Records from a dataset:

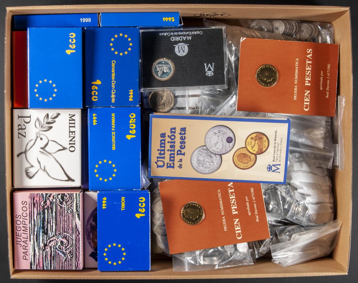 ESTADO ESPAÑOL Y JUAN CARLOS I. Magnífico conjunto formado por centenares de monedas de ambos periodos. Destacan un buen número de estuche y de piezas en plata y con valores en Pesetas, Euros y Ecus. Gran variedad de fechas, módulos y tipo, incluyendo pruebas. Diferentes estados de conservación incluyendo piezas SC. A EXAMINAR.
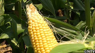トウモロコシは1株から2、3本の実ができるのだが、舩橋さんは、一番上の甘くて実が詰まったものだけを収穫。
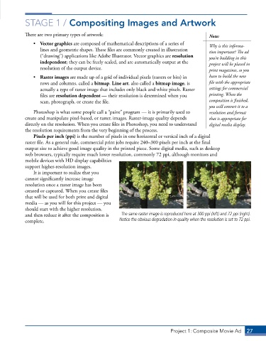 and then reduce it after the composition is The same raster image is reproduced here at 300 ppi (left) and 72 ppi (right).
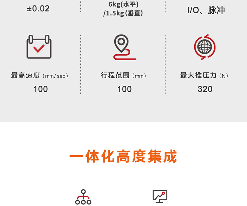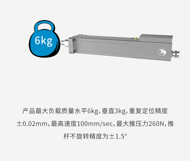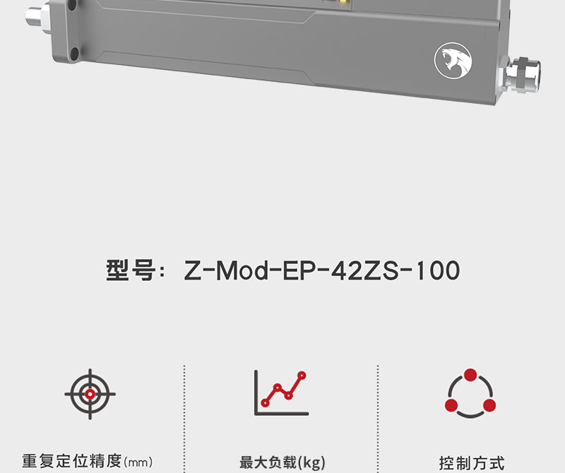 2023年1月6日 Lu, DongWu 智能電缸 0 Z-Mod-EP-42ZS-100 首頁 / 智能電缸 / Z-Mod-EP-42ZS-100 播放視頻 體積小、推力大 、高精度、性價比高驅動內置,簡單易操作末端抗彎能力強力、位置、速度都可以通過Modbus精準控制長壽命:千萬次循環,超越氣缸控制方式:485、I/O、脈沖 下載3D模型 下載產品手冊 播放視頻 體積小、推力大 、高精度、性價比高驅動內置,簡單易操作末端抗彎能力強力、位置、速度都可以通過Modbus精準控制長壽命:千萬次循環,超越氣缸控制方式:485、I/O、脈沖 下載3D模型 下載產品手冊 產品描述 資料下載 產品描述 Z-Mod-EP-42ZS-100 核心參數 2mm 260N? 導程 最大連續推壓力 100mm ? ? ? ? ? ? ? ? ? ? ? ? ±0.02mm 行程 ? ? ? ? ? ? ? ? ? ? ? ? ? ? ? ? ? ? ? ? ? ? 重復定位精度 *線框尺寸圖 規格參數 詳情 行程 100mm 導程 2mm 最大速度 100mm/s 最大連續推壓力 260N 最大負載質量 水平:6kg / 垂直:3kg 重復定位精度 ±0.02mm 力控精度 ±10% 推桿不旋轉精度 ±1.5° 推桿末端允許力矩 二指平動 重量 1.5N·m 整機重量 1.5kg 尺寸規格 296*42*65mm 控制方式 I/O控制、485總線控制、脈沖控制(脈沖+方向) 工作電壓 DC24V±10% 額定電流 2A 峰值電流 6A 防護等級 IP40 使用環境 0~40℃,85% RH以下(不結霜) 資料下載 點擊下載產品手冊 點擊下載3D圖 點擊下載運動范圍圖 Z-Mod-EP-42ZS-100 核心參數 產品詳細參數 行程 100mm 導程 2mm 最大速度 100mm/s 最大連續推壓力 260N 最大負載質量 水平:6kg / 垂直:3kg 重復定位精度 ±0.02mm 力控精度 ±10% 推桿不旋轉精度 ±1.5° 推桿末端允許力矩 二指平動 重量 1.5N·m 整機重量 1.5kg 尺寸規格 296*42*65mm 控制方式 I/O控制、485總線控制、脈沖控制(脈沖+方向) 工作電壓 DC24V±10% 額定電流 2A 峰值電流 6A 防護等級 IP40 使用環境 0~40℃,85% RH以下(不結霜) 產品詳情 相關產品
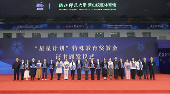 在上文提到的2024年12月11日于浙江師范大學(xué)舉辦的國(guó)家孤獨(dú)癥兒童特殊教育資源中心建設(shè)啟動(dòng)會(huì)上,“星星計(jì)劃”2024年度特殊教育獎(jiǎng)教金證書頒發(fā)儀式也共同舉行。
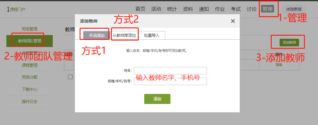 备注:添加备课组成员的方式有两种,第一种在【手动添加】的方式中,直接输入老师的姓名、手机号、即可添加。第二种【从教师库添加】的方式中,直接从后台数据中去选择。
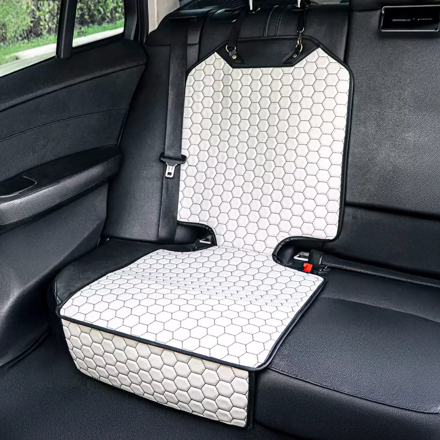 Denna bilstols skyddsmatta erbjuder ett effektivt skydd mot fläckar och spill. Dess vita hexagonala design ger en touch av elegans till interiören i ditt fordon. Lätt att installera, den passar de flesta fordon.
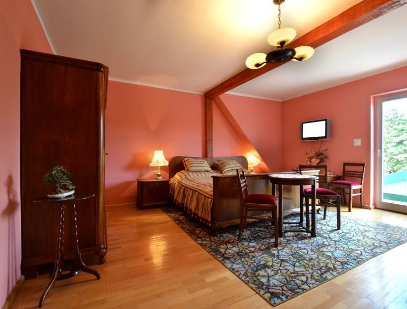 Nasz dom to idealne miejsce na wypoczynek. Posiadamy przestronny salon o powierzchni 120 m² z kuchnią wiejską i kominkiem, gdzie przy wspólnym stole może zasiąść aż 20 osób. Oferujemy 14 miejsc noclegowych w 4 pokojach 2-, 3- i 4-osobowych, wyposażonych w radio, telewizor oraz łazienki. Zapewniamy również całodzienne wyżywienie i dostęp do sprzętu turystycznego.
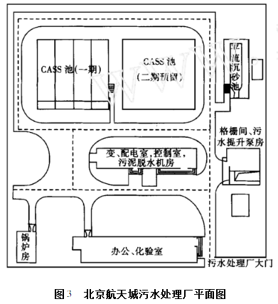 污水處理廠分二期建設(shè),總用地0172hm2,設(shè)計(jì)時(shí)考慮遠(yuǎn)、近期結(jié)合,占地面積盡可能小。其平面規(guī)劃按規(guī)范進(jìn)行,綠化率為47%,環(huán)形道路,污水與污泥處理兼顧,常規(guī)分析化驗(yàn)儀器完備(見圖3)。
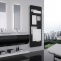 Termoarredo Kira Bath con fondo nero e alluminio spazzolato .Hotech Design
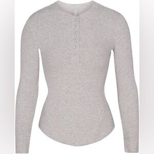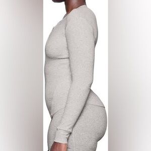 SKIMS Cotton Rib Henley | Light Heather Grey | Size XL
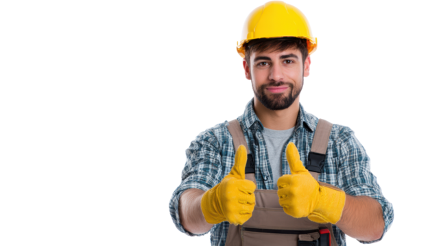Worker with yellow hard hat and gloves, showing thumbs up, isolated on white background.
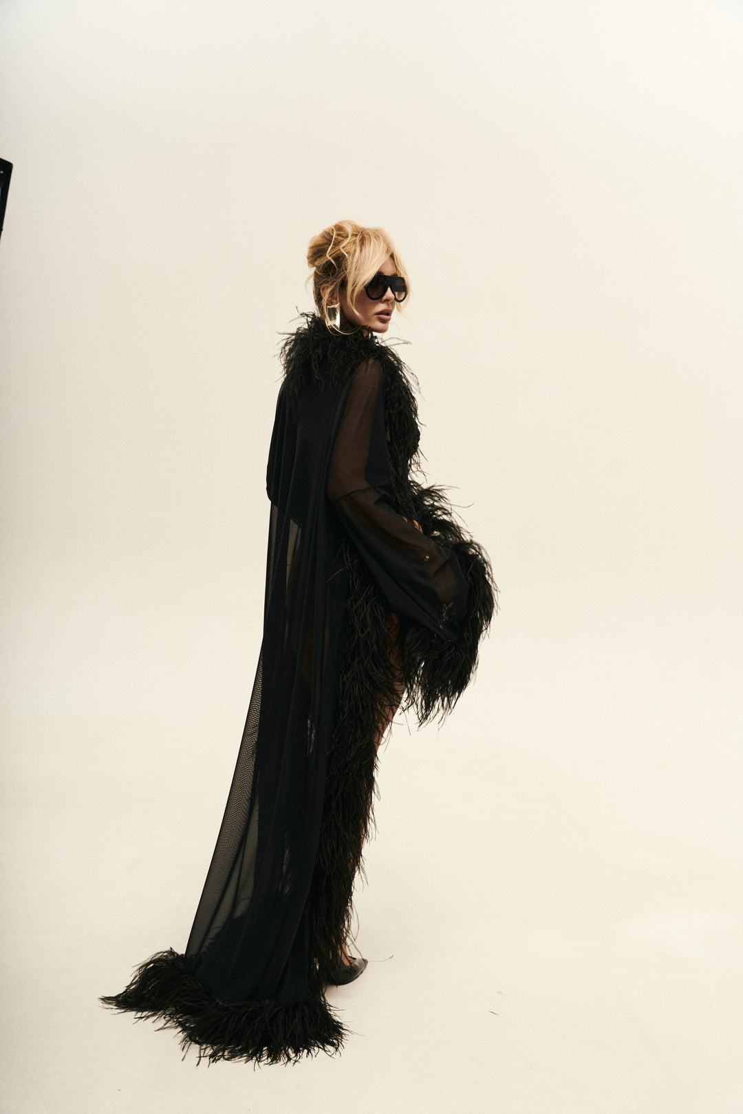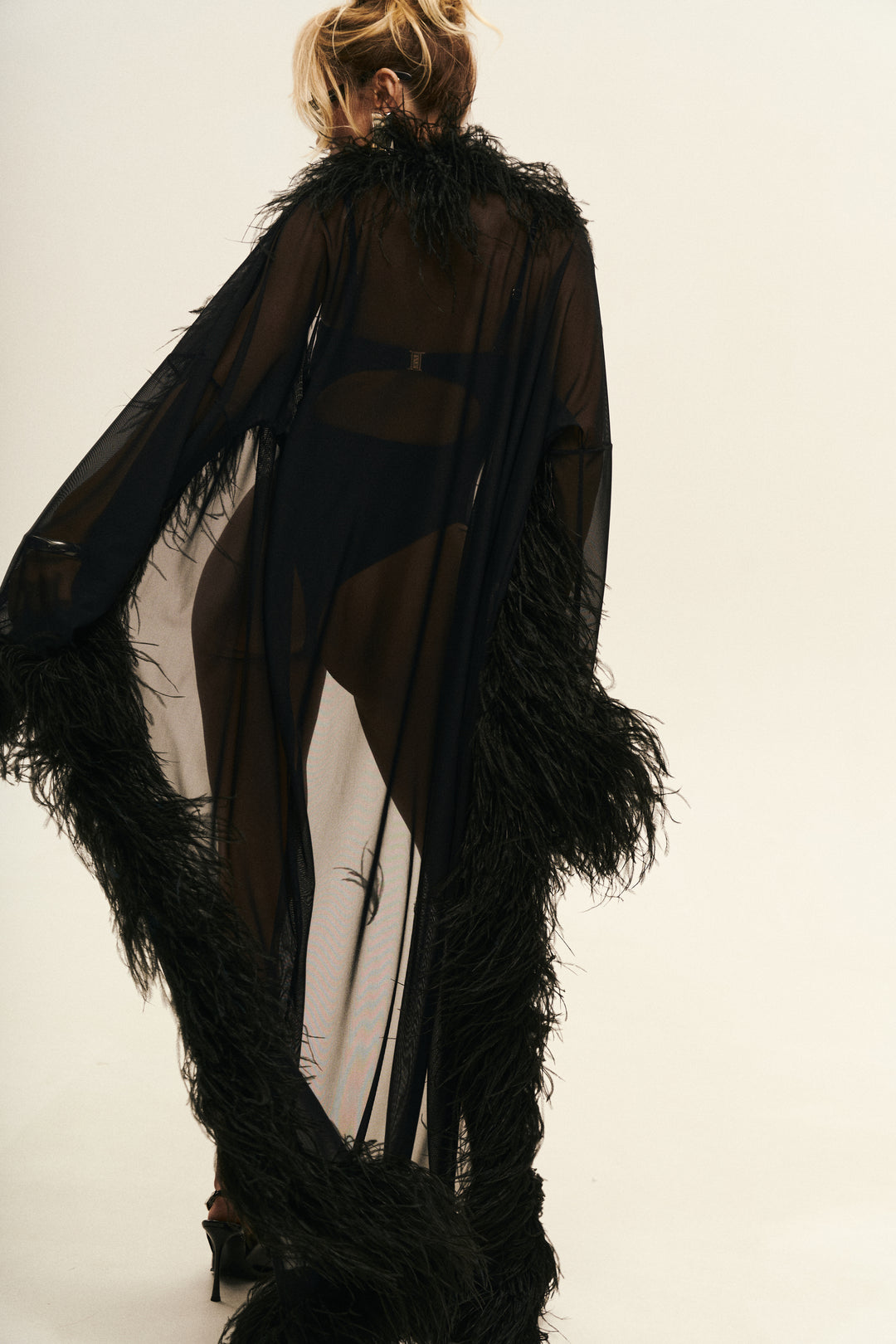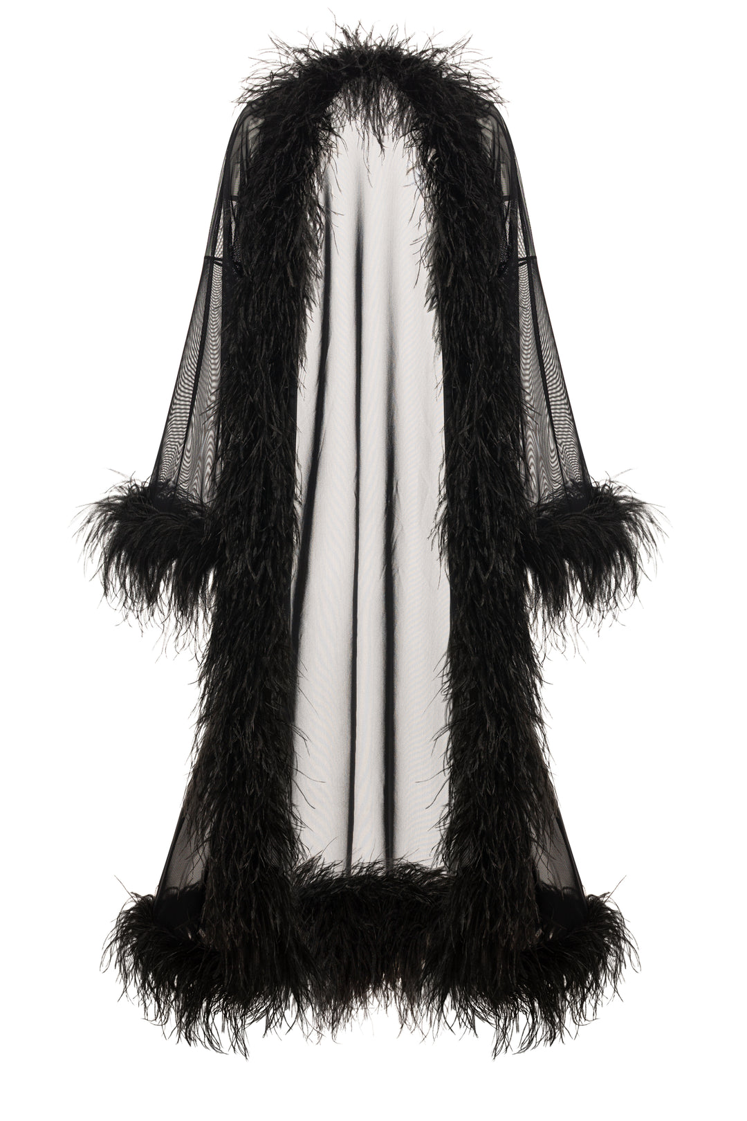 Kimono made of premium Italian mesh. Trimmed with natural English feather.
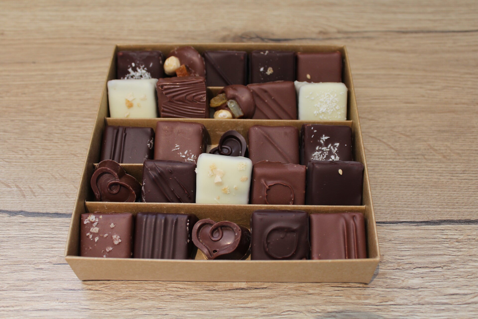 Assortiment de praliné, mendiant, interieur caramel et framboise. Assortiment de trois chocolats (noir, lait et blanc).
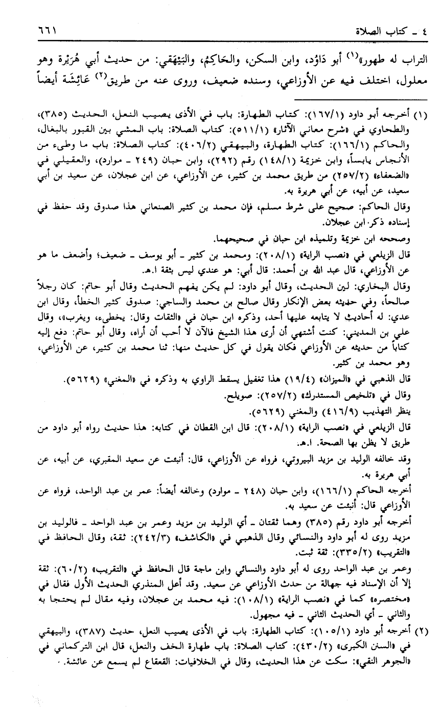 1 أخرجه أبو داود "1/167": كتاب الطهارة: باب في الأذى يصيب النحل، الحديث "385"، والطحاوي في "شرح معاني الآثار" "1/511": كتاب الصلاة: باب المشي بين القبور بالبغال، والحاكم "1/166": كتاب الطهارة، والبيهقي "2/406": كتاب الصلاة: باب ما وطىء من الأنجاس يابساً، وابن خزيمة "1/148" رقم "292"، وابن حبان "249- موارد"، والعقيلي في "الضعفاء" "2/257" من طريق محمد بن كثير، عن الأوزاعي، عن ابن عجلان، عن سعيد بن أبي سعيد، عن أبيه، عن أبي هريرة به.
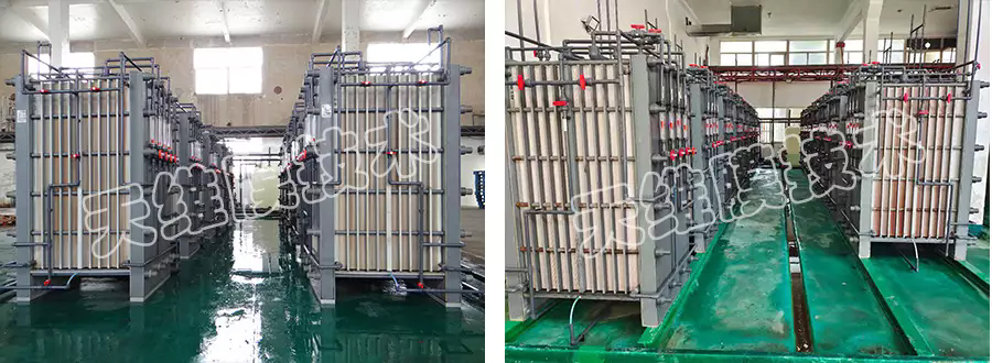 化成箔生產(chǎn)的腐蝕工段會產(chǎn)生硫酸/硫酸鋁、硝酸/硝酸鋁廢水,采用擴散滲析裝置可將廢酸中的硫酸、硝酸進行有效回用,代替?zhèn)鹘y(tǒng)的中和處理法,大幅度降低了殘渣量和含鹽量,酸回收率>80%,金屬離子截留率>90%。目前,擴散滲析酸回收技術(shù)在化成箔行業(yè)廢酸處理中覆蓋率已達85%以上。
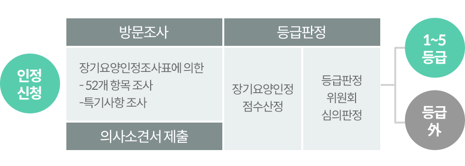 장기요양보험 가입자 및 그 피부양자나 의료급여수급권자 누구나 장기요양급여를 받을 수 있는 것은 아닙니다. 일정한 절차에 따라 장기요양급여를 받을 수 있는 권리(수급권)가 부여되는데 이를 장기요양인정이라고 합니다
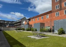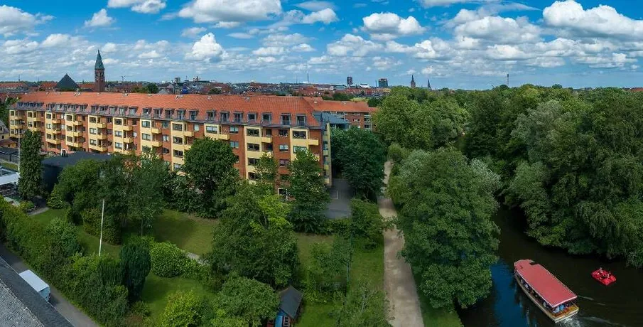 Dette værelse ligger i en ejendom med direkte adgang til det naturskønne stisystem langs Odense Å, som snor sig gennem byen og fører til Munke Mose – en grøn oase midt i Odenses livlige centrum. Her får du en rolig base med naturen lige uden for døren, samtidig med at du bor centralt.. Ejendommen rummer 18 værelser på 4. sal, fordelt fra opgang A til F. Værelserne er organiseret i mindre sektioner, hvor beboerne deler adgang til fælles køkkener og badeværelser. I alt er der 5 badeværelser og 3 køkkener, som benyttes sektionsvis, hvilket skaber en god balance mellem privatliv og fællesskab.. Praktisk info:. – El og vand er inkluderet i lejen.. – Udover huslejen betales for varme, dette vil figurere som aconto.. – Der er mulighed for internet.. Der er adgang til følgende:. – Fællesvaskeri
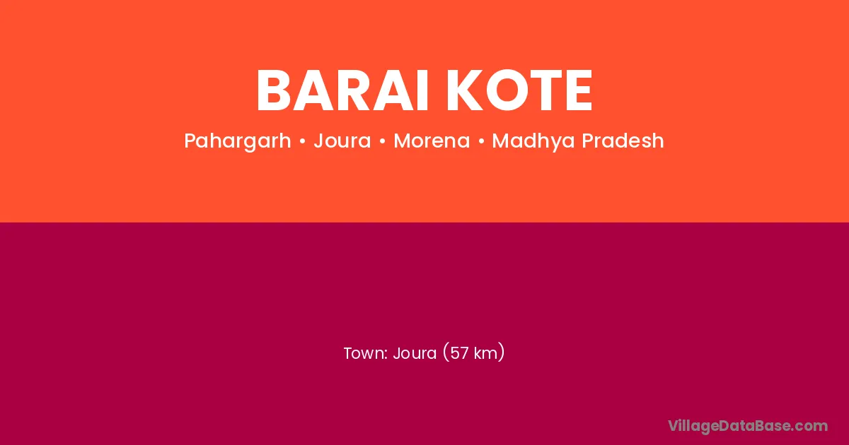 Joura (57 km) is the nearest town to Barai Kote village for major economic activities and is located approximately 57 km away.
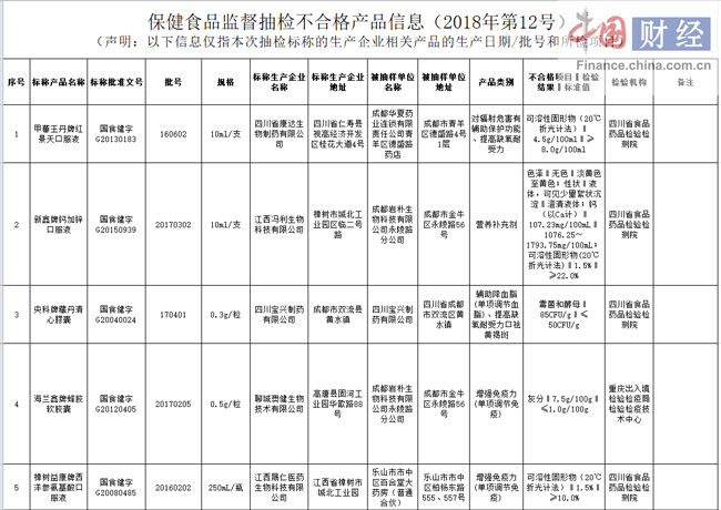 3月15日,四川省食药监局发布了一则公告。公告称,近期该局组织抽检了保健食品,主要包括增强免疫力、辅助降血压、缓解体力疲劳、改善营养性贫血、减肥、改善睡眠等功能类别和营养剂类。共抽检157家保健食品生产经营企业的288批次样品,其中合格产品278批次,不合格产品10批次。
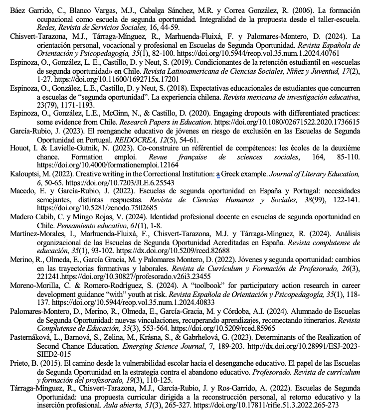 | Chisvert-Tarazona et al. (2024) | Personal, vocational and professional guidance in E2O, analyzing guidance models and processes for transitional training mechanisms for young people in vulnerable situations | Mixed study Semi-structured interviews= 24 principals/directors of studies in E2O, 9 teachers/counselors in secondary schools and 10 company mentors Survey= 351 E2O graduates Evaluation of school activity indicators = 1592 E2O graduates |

**What the exercise asks:**
The answer is the run of lines from the one with "Joura (57 km)" through the final line of the data, copied exactly, and nothing else; no pictures.

**Response to this exercise:**
 Joura (57 km) is the nearest town to Barai Kote village for major economic activities and is located approximately 57 km away.
 3月15日,四川省食药监局发布了一则公告。公告称,近期该局组织抽检了保健食品,主要包括增强免疫力、辅助降血压、缓解体力疲劳、改善营养性贫血、减肥、改善睡眠等功能类别和营养剂类。共抽检157家保健食品生产经营企业的288批次样品,其中合格产品278批次,不合格产品10批次。
 | Chisvert-Tarazona et al. (2024) | Personal, vocational and professional guidance in E2O, analyzing guidance models and processes for transitional training mechanisms for young people in vulnerable situations | Mixed study Semi-structured interviews= 24 principals/directors of studies in E2O, 9 teachers/counselors in secondary schools and 10 company mentors Survey= 351 E2O graduates Evaluation of school activity indicators = 1592 E2O graduates |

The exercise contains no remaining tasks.